Lavender - Lavender/purple solid or swirl
Lilac- purple solid or swirl
Back raspberry vanilla- red or pink
Evergreen
peppermint or mint- green or red swirl
lavender mint half and half
http://www.ellensessentials.com/catalog/index.php?main_page=page&id=26&chapter=0
I have been reading this article on the ultramarines, pigments and such.
Are there any colors that stick, won't smell of sulfur or leave a ring on the tub?

Any specifics for these colors?

How about the peacock colors?

Thanks in advance for your help.

Peggy Sue


----------



## NubianSoaps.com (Oct 26, 2007)

She has photos of the colors in goatmilk and non goatmilk soap. Since most of her colors are not effected by PH, they do really well in soap. For myself I just purchased her small sample pack, made a batch of the walmart recipe (I go back to this recipe for all testing of scent or color or anything this way if something fails I know it is not the recipe). I then devided it amongst the 10 colors I got in 16 ounce solo plastic cups (don't use styrofoam) and mixed in color. Not only then did I know how much coloring I needed for my soap per pound of soap but I also saw exactly the color I would get with the technique I do (milk at emulsion) because I know you will get change with all milk since your soap in the bucket has more of a yellow cast to it. Plus 16 ounces is about the amount I make up to swirl with.

I love the Peacock colors Ruby Red, and use it for my red for my blood splash across my Dragons blood soap. In the demo on her site with the purple and pink double swirl, I am now copying that technique for my Summer Berry with the Fiesta Pink and new dark Royal Purple she just got in.

Also don't critique your colors until cure is over, they change.

I use the chromium green oxide, use it lighter than you want in the soap bucket for my mint julep and use maybe 1/16th a teaspoon to add some color to my cucumber mellon since it starts out green from the cucumber but fades.

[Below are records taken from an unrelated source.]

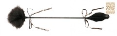 Стек с черным пухом с одной стороны, и пером с другой стороны. Украшен по всей длине лентами. Аксессуар в стиле бурлеск. Коробка в стиле французского шика плюс каждая деталь завернута в упаковочную бумагу с логотипами.
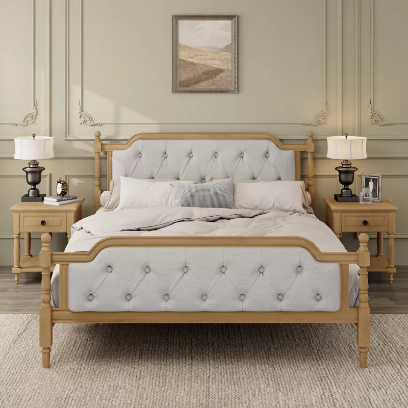 Traditional Style Solid Wood Bed Frame with Upholstered Tufted Headboard
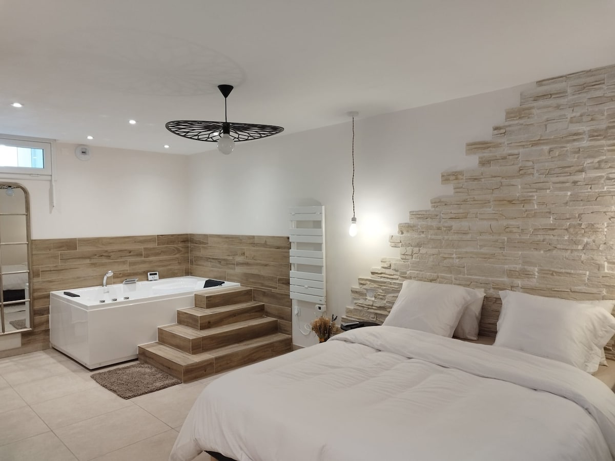 🌹Trakteer jezelf op een pauze van luxe en welzijn in deze unieke stijl suite, genesteld aan de iconische Saône-kades. Dompel jezelf onder in een romantische en rustgevende sfeer, waar elk detail je verblijf verbetert. Geniet van een eigen jacuzzi voor een moment van absolute ontspanning, gesust door de zachtheid van het water en de charme van de oevers van de Saône Of het nu gaat om een romantisch uitje, een onvergetelijke avond of een moment van genezing, deze suite belooft een buitengewone ervaring 🍀
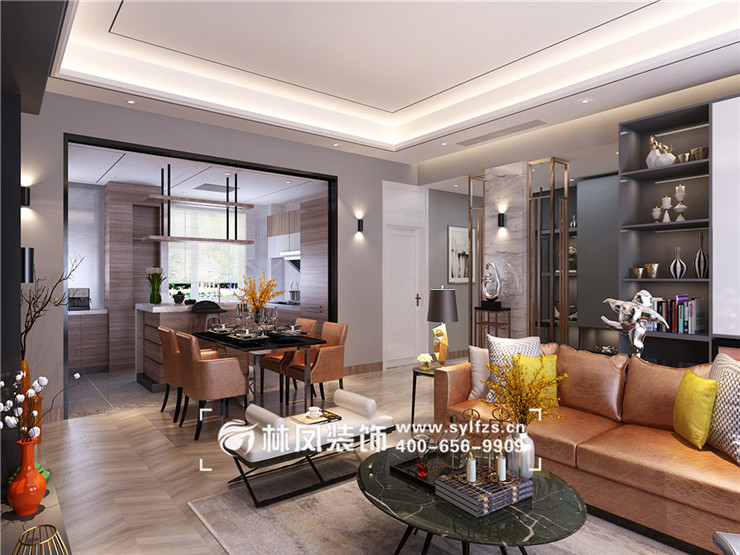 三室两厅一厨两卫,高层整体采用美式风格,色调以深色为主,体现美式的居家感和温馨感。
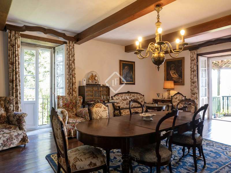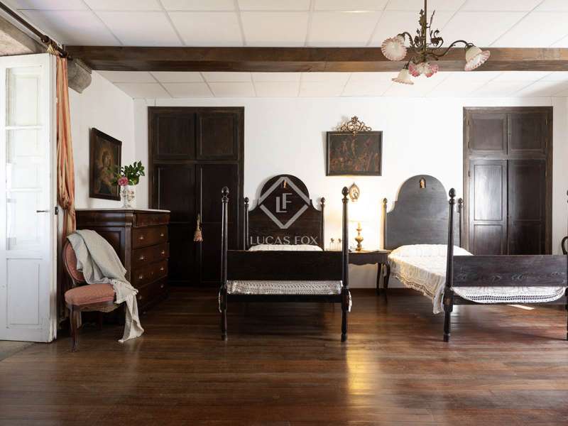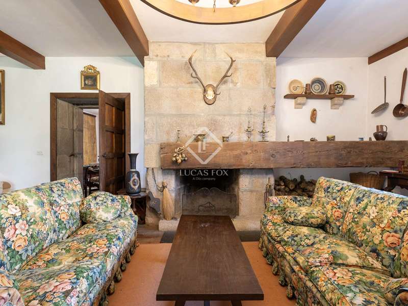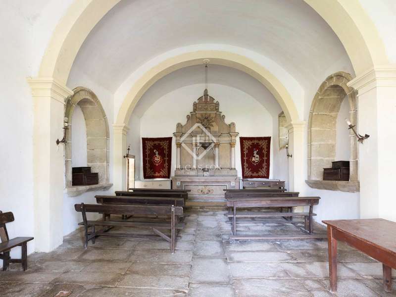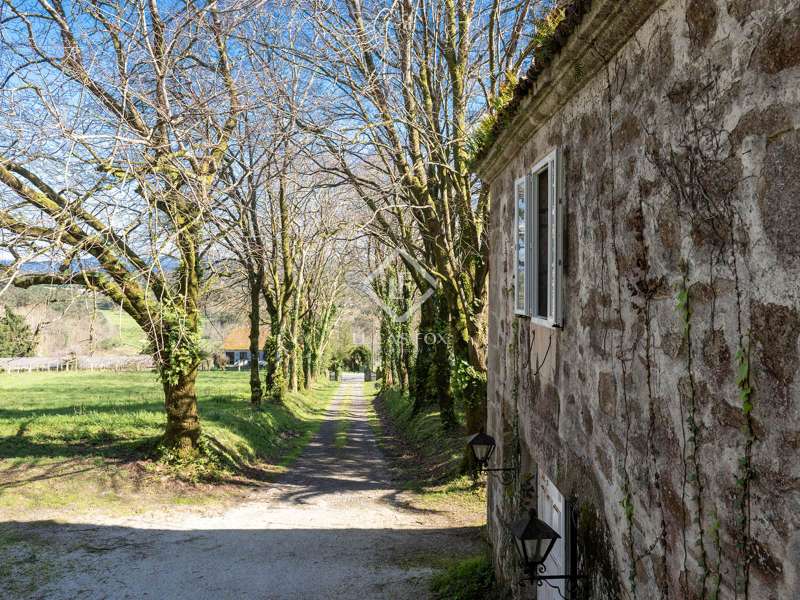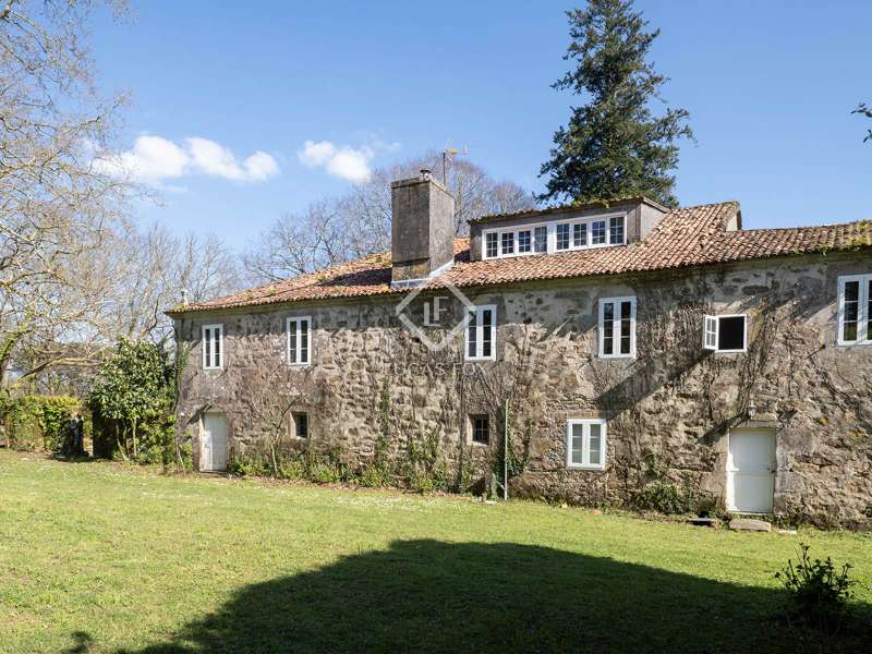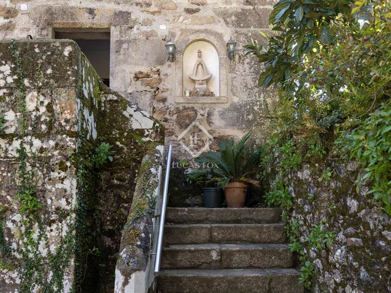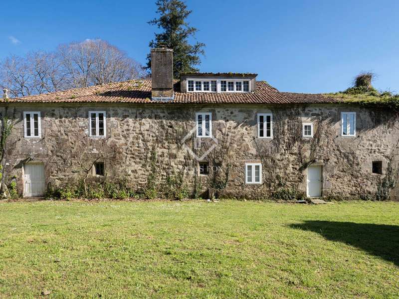 More than 4 hectares of land (40,000 m²) surround this Galician manor house, which includes its own chapel. The house provides a peaceful location with views over the natural landscape and proximity to the city of Santiago de Compostela, making it an excellent countryside retreat. Driving up the impressive driveway, the estate features a substantial plot of land extending to the right, with fruit trees and chestnuts, and gardens to the left, on the way up to the main house, a stone construction, with terraces, typical of the architecture of its time. On the other side of the house there is the original grand double-doorway to the estate, with stone columns and a cross guarding the door. From this side the facade is a simple stone and mortar finish over two floors plus the rooms in the attic. The terraces are all on the other side, which faces south and therefore gets the best of the sun throughout the day. The main entrance is via a stone staircase at the east end of the building, which leads into the first floor. Of course, in its day, the ground floor of the building would have been quarters for animals, so the first floor is where the main living areas were built. The roof of the house was replaced in the 1980s after a fire, and many renovations were carried out at that point too. The property remains in good condition, but needs a renovation in order to bring it up to today's standards, and to help this property reach its full potential. Going through the main entrance, there is a hall which gives access to the downstairs, and a living room to the left, with a large stone fireplace. There are terraces facing south from the lounge area, as well as a larger corner terrace accessed via the dining room and master suite. There is also the kitchen, office, two further bedrooms and a bathroom on this floor. Going up another floor we find five more bedrooms, two bathrooms and a store room on the attic level. On the ground floor, we find a games room, pantry, garage and wood store. Outside, there are gardens, land with fruit trees, chestnuts, vines. The plot extends to more than 35,000 m² and contains the chapel of Santa Maria, the other side of the access road, which is also in its own grounds. This property would suit a large family looking for a countryside retreat, investors looking for a potential rural hotel or events space, or simply buyers interested in historic properties in general.
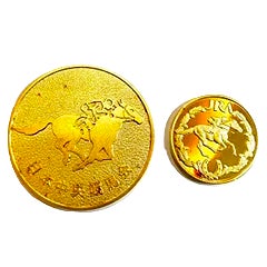 24金(K24) JRAメダル 2枚日本中央競馬会(JRA)にて発行された大小異なるデザインの純金メダルです。一体、いつどこで入手出来たのか詳細は不明ですが、コレクターや競馬ファンを惹きつけること間違いなしです。

She also has some really cool coloring lists for herbs and I am using a few of her herb colors also.

Her site and forum are really cool the girls on it are skilled with coloring, read how you can swirl with just drops from the peacock colors put right onto your mold, then swirl through the dots, like when decorating cakes or plates of food (sauces etc). Vicki


----------



## Kalne (Oct 25, 2007)

For the most part I've been happy with the ultramarines I have. I've also used celestial colors with mixed results. I'd like to try the peacock colors after the holidays. Not up to anymore experimenting right now. LOL


----------



## Aja-Sammati (Oct 26, 2007)

For a nice purple swirl I use a mix of 1 t violet ultramarine, 1/2 t blue ultramarine & 1 t titanium dioxide mixed with 1 T of the melted oils and then combined with 2 c of traced soap.

Now when I tried to make a solid color bar that way, it bled, but no one has complained that the swirls bleed, so who knows. I shredded that soap and add it to my plain for purplish flecks in my Black Raspberry bar (people think it has seeds in it, lol.) The flecks don't bleed...

I had horrible luck with the bright green peacock color, I had to use LOTS to get any color at all, and it wasn't at all the color I expected. I have some sitting around here that I haven't ever tried again for that reason. The herbs I tried gave no color at all (not from Vicki's source), but I confess I didn't play much with them, I don't have much time to play, I am always behind on regular production.


----------



## adillenal (Feb 6, 2009)

I am a fan of micas. I have a little better luck with them. I also use Select Shades but I really don't like the texture of the soap that has the color in it.


----------